## Supplied information

────────

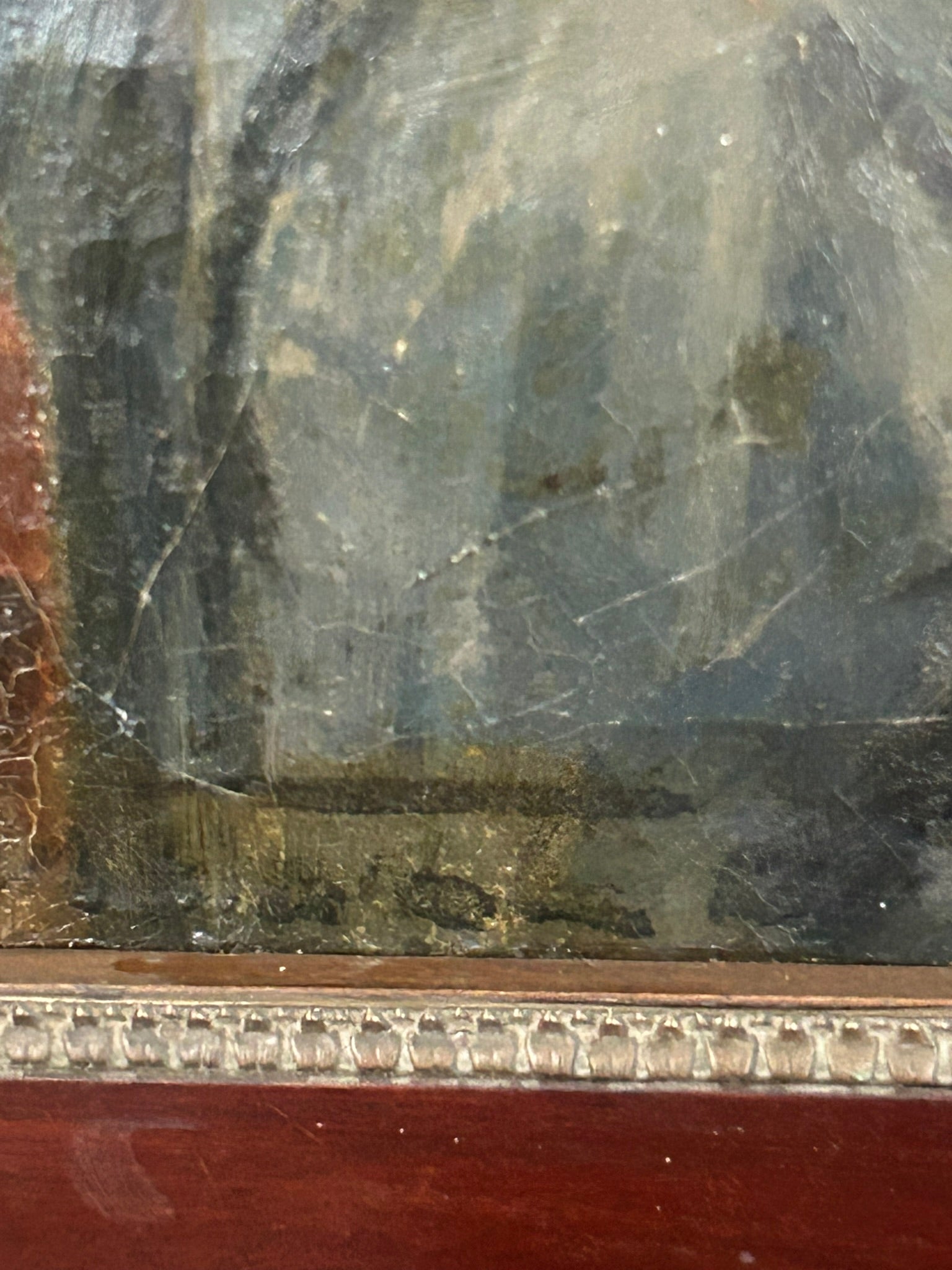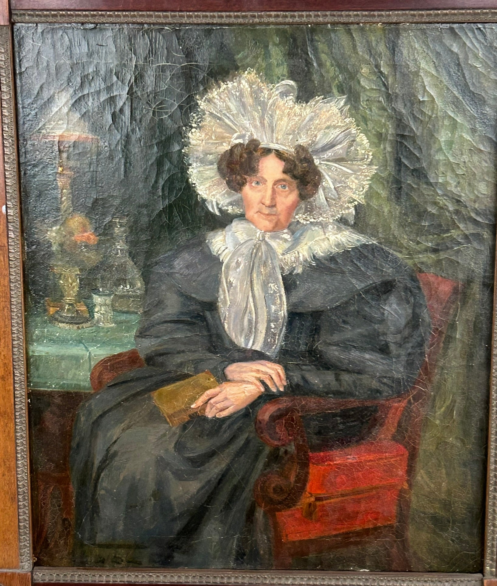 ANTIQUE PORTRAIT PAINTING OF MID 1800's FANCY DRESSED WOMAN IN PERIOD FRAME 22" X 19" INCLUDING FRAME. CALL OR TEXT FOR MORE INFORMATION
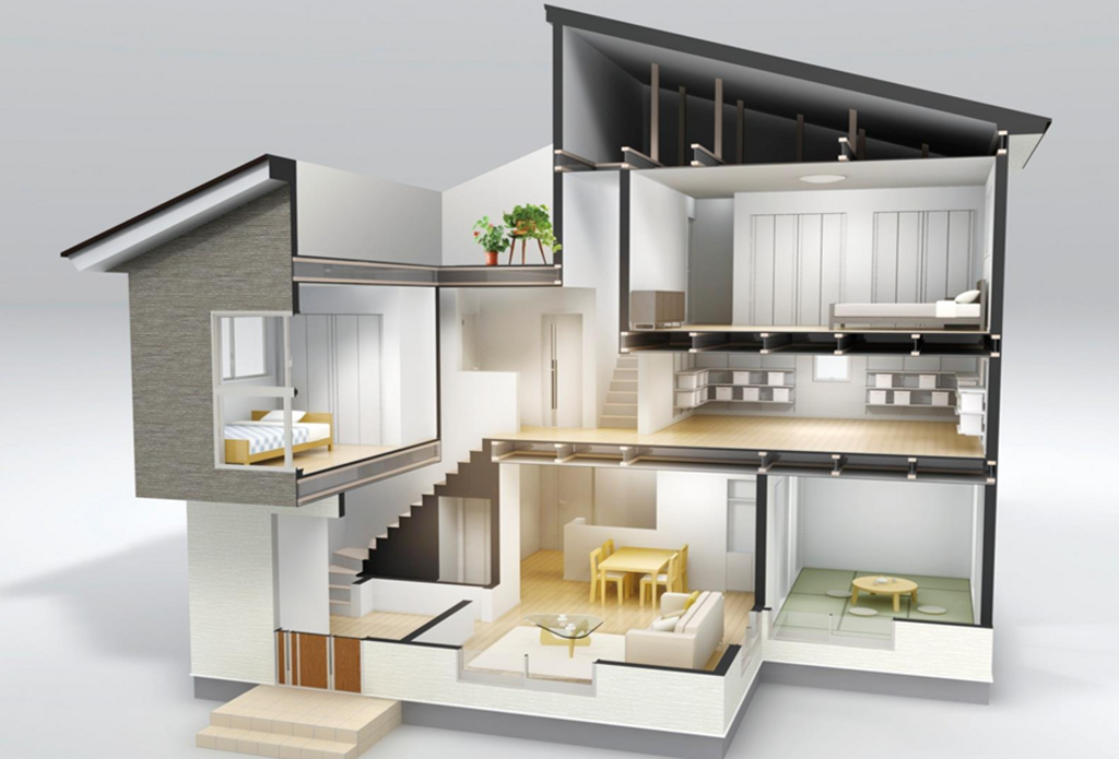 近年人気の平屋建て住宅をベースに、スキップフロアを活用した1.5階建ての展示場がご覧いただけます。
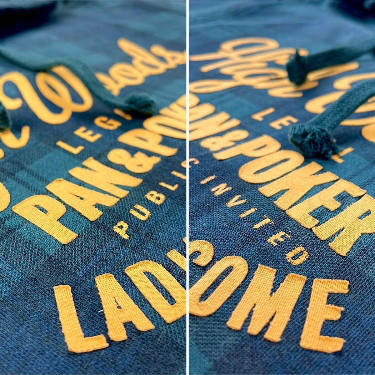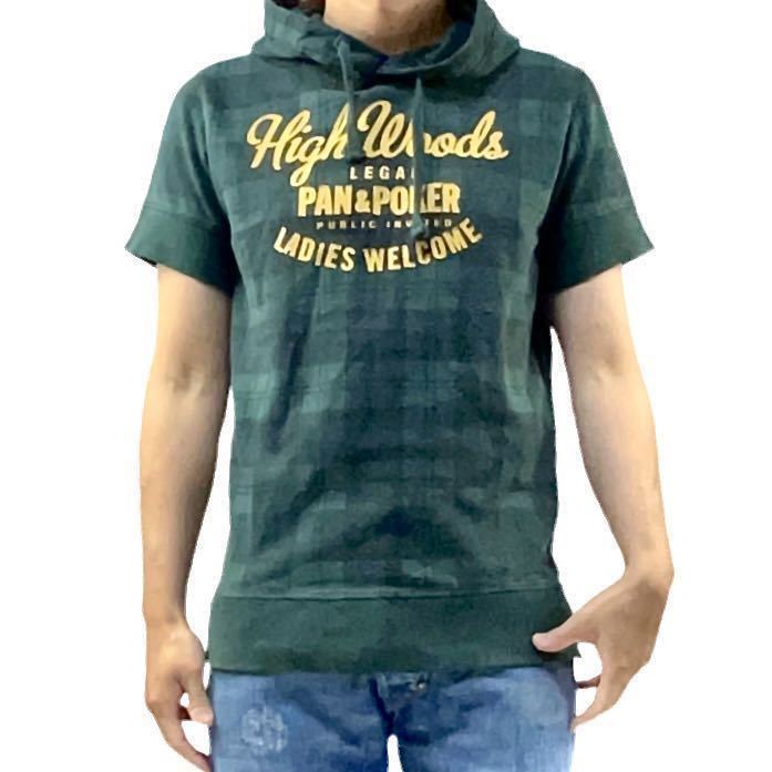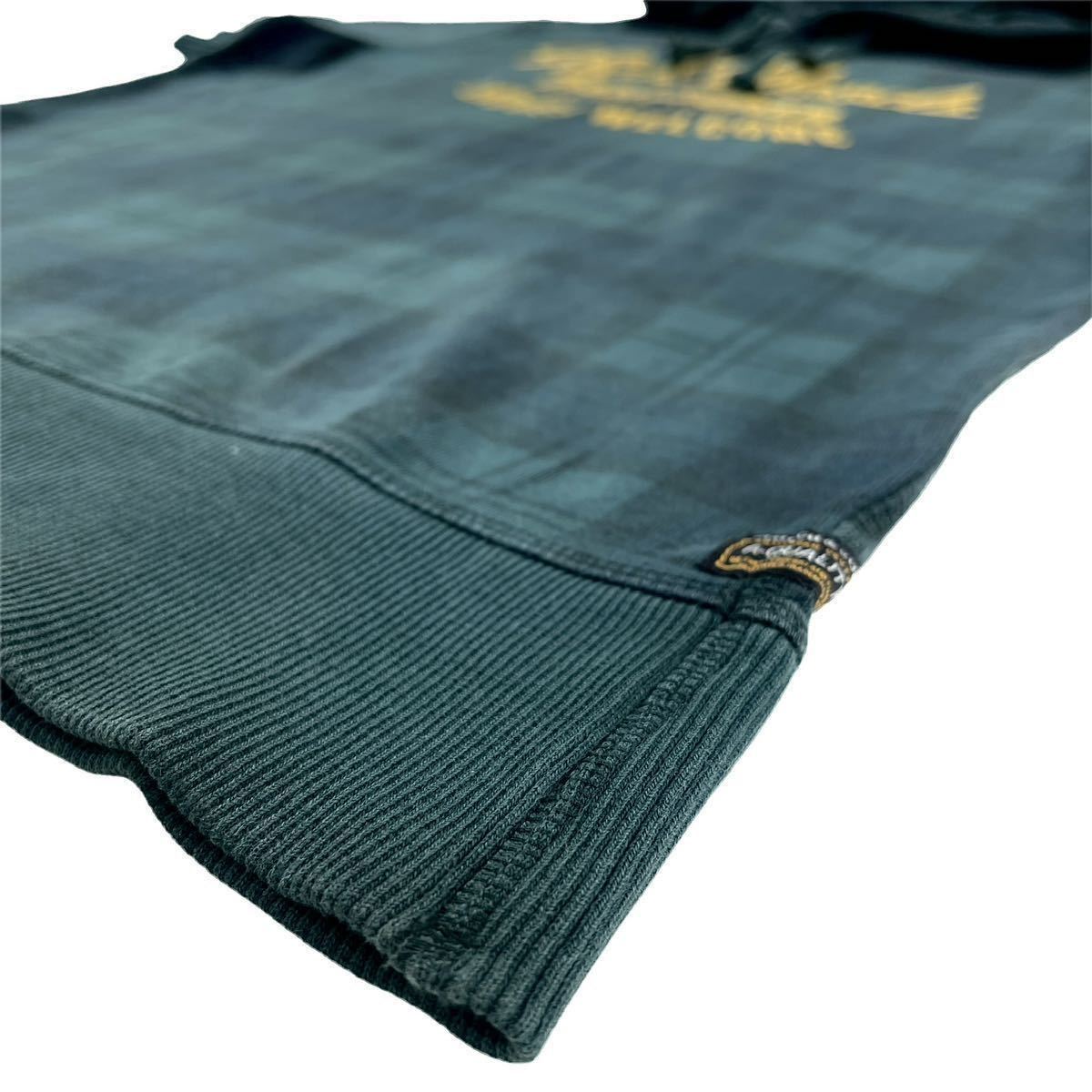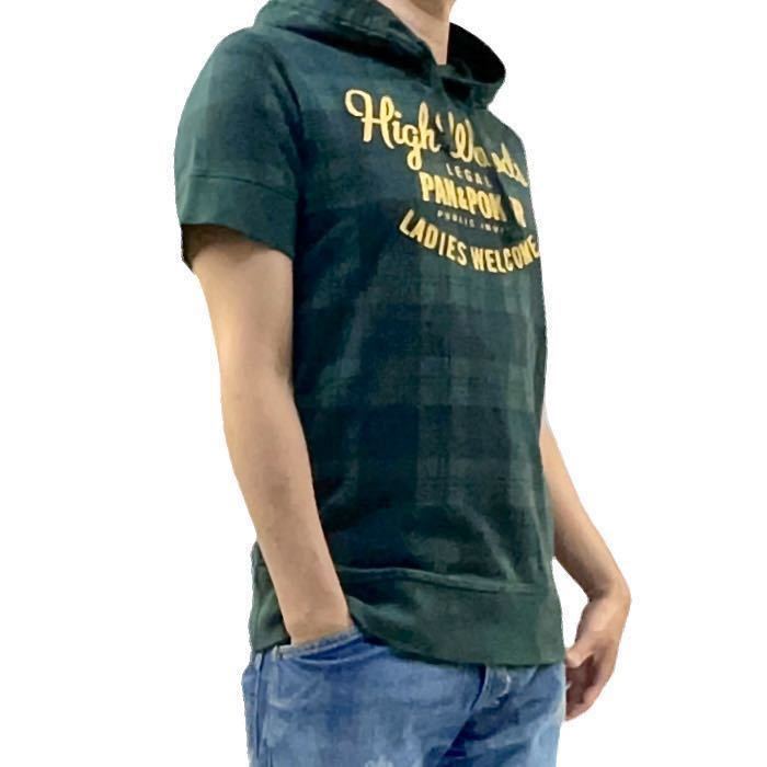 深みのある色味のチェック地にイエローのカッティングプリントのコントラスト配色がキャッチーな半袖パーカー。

────────

## Your instructions
An exact retyping of the material, minus the pictures, is the required answer.

## Answer space
 ANTIQUE PORTRAIT PAINTING OF MID 1800's FANCY DRESSED WOMAN IN PERIOD FRAME 22" X 19" INCLUDING FRAME. CALL OR TEXT FOR MORE INFORMATION
 近年人気の平屋建て住宅をベースに、スキップフロアを活用した1.5階建ての展示場がご覧いただけます。
 深みのある色味のチェック地にイエローのカッティングプリントのコントラスト配色がキャッチーな半袖パーカー。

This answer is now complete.